Fig. 1Total effective tool time by kind and provider.

Reference

Experiment overview

Every agent step in the trace carries a tools[] list of tool calls, each with a measured latency. This experiment attributes that latency to tool kinds and asks where the aggregate tool-execution time goes, rendering one horizontal-bar panel per provider with tools ordered by summed latency (each bar annotated with its call count n).

Method and assumptions:

Effective tool latency = tool_internal_latency_ms if present, else tool_wall_latency_ms (the shared trace_db.EFFECTIVE_TOOL_LATENCY_MS_SQL precedence; the legacy latency_ms field is not in the normalized data). Only strictly positive latencies contribute to a tool’s summed/averaged time; calls with no effective latency are counted as missing_latency_calls.
Additive over calls. Latency is summed per tool kind. Parallel tool calls are not merged into elapsed wall-clock time, so this measures attributed work, not end-to-end session time.
One row per call. We aggregate entries in tool_calls (the UNNESTed tools[]), not agent steps.
MCP tools are merged (figure only). Any tool whose name starts with mcp_ is aliased to a single mcp bucket; the long server-qualified names are individually rare. The CSV keeps the raw unaliased names.
Rare tools collapse (figure only). Tools with fewer than --min-tool-calls-for-plot provider-local calls (default 20) are summed into one Other (<N calls/tool) bar. The CSV keeps full per-tool detail — nothing is dropped from the data, only from the plot.
Exact, not sampled. Sums, counts and averages are computed over all tool calls in SQL (the old per-tool reservoir sampler is gone), so the totals are exact.

Code structure

plot.py is a thin query→shape→plot pipeline over the shared trace DuckDB:

_tool_time_query(plot_name_expr, *, by_provider) — the shared aggregation: normalizes the tool name (blank/NULL → <unknown-tool>), applies the effective-latency precedence, and emits per-bucket calls, latency_count, missing_latency, error_calls, latency_sum, plus a first-appearance first_seen ordinal for a deterministic tie-break. plot_name_expr selects the raw name (CSV) or the mcp_*→mcp alias (figure); by_provider adds the rounds.provider join.
load_tool_time(con) — global {tool_name: ToolTimeStats} for the CSV (raw names, no collapsing).
load_tool_time_by_provider(con, *, min_calls) — per-provider stats with the MCP merge done in SQL and the rare-tool collapse in Python (summing is order-independent).
plot_tool_total_time_by_kind(...) — the per-provider summed-latency panels.
write_tool_total_time_by_kind(...) — the full-detail CSV.
main() — wires the standard trace_db CLI (--db | -i/--input | -o/--output-dir) to the above and embeds the self-contained PNG sidecar.

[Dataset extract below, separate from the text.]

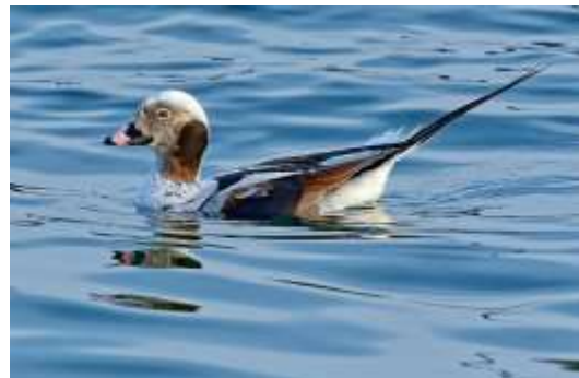
Bild 4. Alfågel

Ett namnpar som man kunde tro är en direkt översättning från svenska till finska är alfågel – leppälintu . Det är ändå fråga om två helt olika fåglar, en andfågel och en tätting. Alfågeln heter alli på finska och båda namnen är onomatopoetiska och kommer från fågelns läte a-állli a-állli . I namnet leppälintu har förstaveln leppä inget att göra med trädet al utan det är fråga om ett gammalt finskt ord för blod som återfinns i det finska namnet på blodrisk, leppärousku . Fågeln svenska namn är rödstjärt.

ToolTimeStats ties are broken by first_seen (min global call ordinal) so output is stable across DB builds — GROUP BY order is not. The data layer (parsing, surrogate keys, schema) lives in artifacts/utils/trace_db.py; see artifacts/utils/DB_SCHEMA.md.

Running it

# default merged trace, output next to this README
uv run python artifacts/tool_calls/tool_time_by_kind/plot.py

# a specific trace (materialized to a temp DuckDB cache on first use)
uv run python artifacts/tool_calls/tool_time_by_kind/plot.py -i trace/sample.jsonl

# a prebuilt DB (run_all.py's build-db step passes this), into a chosen dir
uv run python artifacts/tool_calls/tool_time_by_kind/plot.py --db "$TMPDIR/trace.duckdb" -o "$TMPDIR/out"

Useful flags: --top-tools (max bars per panel, default 30), --min-tool-calls-for-plot (rare-tool collapse threshold, default 20).

Outputs

Written to -o (default this folder):

tool_total_time_by_kind.png — provider-paneled total effective time per tool kind.
tool_total_time_by_kind.csv — full per-tool totals: tool_calls, valid_latency_calls, missing_latency_calls, error_calls, total_latency_ms/_s/_hours, latency_share, avg_latency_ms.

The PNG is self-contained — it embeds this README, the CSV, and the plotting code. Unpack with uv run python artifacts/utils/png_sidecar.py extract <png>.